Exercise brief:
Quote exactly the lines spanning from the top of the data below to the line that contains "We were heading", including both.

Dataset records:

━━━━━━━━

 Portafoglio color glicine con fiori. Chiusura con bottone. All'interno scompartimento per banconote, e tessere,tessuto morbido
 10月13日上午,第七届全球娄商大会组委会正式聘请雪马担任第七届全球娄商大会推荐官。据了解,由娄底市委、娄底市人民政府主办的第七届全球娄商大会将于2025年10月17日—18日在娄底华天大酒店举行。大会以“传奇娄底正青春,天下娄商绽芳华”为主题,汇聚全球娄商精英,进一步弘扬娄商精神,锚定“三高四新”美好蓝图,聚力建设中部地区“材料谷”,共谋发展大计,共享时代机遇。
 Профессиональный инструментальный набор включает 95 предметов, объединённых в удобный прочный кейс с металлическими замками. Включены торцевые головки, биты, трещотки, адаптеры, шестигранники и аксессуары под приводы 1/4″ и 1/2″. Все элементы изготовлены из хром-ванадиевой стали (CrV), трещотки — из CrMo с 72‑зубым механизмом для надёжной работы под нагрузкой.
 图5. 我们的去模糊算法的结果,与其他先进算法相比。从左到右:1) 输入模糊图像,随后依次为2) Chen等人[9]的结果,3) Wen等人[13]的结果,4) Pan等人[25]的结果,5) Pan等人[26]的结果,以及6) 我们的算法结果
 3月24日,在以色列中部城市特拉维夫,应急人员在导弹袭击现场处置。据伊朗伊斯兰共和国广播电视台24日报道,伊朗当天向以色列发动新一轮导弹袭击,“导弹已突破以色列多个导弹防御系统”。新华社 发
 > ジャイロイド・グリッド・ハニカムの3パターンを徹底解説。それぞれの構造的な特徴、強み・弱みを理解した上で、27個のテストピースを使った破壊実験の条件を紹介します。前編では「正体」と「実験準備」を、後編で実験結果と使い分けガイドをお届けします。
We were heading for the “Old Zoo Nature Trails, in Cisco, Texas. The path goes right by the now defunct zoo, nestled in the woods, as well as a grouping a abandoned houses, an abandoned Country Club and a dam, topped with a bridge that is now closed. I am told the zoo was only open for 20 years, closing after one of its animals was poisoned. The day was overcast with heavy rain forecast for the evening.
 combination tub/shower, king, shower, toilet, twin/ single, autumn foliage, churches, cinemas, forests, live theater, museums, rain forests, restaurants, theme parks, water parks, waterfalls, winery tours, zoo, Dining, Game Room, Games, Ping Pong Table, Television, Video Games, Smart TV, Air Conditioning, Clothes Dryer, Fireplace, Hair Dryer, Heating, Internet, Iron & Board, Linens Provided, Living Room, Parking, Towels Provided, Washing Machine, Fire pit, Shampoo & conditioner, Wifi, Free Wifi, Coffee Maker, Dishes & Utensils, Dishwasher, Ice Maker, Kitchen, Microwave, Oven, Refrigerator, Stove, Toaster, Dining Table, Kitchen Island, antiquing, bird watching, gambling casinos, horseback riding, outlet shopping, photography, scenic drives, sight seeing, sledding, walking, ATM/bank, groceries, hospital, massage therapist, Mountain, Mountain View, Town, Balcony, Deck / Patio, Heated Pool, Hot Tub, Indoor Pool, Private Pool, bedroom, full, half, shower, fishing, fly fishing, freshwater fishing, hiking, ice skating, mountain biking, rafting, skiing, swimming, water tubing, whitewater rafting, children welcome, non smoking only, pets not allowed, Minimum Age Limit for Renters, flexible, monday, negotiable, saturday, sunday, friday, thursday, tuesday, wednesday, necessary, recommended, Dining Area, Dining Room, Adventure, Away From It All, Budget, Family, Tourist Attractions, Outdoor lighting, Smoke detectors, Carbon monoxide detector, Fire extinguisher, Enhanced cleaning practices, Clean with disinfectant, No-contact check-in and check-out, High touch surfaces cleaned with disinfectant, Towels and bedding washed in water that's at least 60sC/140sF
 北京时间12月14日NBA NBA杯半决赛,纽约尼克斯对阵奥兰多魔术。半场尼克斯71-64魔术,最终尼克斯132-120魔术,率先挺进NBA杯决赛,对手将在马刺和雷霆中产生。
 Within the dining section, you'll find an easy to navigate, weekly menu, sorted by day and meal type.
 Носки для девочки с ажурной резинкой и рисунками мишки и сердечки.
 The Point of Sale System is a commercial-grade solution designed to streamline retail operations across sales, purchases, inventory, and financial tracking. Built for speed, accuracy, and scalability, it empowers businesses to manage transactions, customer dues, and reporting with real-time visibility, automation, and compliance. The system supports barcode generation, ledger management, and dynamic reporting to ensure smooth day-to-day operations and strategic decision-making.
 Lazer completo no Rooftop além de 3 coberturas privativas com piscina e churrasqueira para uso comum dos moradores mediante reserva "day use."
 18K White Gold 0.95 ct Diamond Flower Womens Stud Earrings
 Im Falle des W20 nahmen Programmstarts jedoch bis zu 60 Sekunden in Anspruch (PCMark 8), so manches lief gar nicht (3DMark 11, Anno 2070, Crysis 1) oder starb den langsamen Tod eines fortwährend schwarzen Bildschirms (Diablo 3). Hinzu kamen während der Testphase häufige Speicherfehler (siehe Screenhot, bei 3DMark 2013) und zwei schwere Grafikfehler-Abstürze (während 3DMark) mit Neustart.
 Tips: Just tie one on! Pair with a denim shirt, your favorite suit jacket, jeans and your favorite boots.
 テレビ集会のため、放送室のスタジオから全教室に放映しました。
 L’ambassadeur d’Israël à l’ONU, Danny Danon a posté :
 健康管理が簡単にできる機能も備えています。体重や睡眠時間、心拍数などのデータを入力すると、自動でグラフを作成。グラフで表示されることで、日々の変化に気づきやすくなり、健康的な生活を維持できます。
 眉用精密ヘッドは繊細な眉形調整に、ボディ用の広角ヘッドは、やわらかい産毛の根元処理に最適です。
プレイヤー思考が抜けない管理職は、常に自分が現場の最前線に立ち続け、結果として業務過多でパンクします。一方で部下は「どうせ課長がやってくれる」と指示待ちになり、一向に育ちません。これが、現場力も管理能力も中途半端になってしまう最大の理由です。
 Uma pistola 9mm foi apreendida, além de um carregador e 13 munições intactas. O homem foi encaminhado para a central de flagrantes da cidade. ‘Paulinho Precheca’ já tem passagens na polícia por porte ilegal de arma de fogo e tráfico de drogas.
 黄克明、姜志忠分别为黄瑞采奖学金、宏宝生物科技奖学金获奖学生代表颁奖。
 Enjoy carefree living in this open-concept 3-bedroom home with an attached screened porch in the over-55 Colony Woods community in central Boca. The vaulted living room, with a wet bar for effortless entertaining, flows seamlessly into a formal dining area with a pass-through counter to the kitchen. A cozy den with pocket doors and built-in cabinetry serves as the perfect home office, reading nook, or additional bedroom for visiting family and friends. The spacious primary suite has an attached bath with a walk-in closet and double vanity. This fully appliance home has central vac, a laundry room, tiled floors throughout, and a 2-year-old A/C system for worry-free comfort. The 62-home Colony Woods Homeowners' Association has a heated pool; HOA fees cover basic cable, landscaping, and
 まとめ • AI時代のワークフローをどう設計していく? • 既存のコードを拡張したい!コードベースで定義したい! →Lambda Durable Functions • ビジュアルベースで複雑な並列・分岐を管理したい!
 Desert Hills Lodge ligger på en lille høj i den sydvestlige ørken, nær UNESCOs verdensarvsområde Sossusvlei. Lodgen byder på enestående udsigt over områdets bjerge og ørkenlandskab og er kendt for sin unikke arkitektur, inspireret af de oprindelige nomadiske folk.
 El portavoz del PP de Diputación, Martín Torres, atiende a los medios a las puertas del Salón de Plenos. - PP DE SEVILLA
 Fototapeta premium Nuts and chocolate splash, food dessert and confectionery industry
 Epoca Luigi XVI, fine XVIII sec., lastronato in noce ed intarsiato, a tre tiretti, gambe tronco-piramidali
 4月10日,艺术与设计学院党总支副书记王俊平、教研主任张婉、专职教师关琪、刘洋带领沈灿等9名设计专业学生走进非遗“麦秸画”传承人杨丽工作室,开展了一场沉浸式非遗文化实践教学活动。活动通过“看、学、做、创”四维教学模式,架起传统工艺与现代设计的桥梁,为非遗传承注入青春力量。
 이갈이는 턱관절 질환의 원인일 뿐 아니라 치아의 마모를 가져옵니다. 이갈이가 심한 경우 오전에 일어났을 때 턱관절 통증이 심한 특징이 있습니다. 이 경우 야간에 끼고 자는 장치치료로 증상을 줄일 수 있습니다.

━━━━━━━━

Answer space:
 Portafoglio color glicine con fiori. Chiusura con bottone. All'interno scompartimento per banconote, e tessere,tessuto morbido
 10月13日上午,第七届全球娄商大会组委会正式聘请雪马担任第七届全球娄商大会推荐官。据了解,由娄底市委、娄底市人民政府主办的第七届全球娄商大会将于2025年10月17日—18日在娄底华天大酒店举行。大会以“传奇娄底正青春,天下娄商绽芳华”为主题,汇聚全球娄商精英,进一步弘扬娄商精神,锚定“三高四新”美好蓝图,聚力建设中部地区“材料谷”,共谋发展大计,共享时代机遇。
 Профессиональный инструментальный набор включает 95 предметов, объединённых в удобный прочный кейс с металлическими замками. Включены торцевые головки, биты, трещотки, адаптеры, шестигранники и аксессуары под приводы 1/4″ и 1/2″. Все элементы изготовлены из хром-ванадиевой стали (CrV), трещотки — из CrMo с 72‑зубым механизмом для надёжной работы под нагрузкой.
 图5. 我们的去模糊算法的结果,与其他先进算法相比。从左到右:1) 输入模糊图像,随后依次为2) Chen等人[9]的结果,3) Wen等人[13]的结果,4) Pan等人[25]的结果,5) Pan等人[26]的结果,以及6) 我们的算法结果
 3月24日,在以色列中部城市特拉维夫,应急人员在导弹袭击现场处置。据伊朗伊斯兰共和国广播电视台24日报道,伊朗当天向以色列发动新一轮导弹袭击,“导弹已突破以色列多个导弹防御系统”。新华社 发
 > ジャイロイド・グリッド・ハニカムの3パターンを徹底解説。それぞれの構造的な特徴、強み・弱みを理解した上で、27個のテストピースを使った破壊実験の条件を紹介します。前編では「正体」と「実験準備」を、後編で実験結果と使い分けガイドをお届けします。
We were heading for the “Old Zoo Nature Trails, in Cisco, Texas. The path goes right by the now defunct zoo, nestled in the woods, as well as a grouping a abandoned houses, an abandoned Country Club and a dam, topped with a bridge that is now closed. I am told the zoo was only open for 20 years, closing after one of its animals was poisoned. The day was overcast with heavy rain forecast for the evening.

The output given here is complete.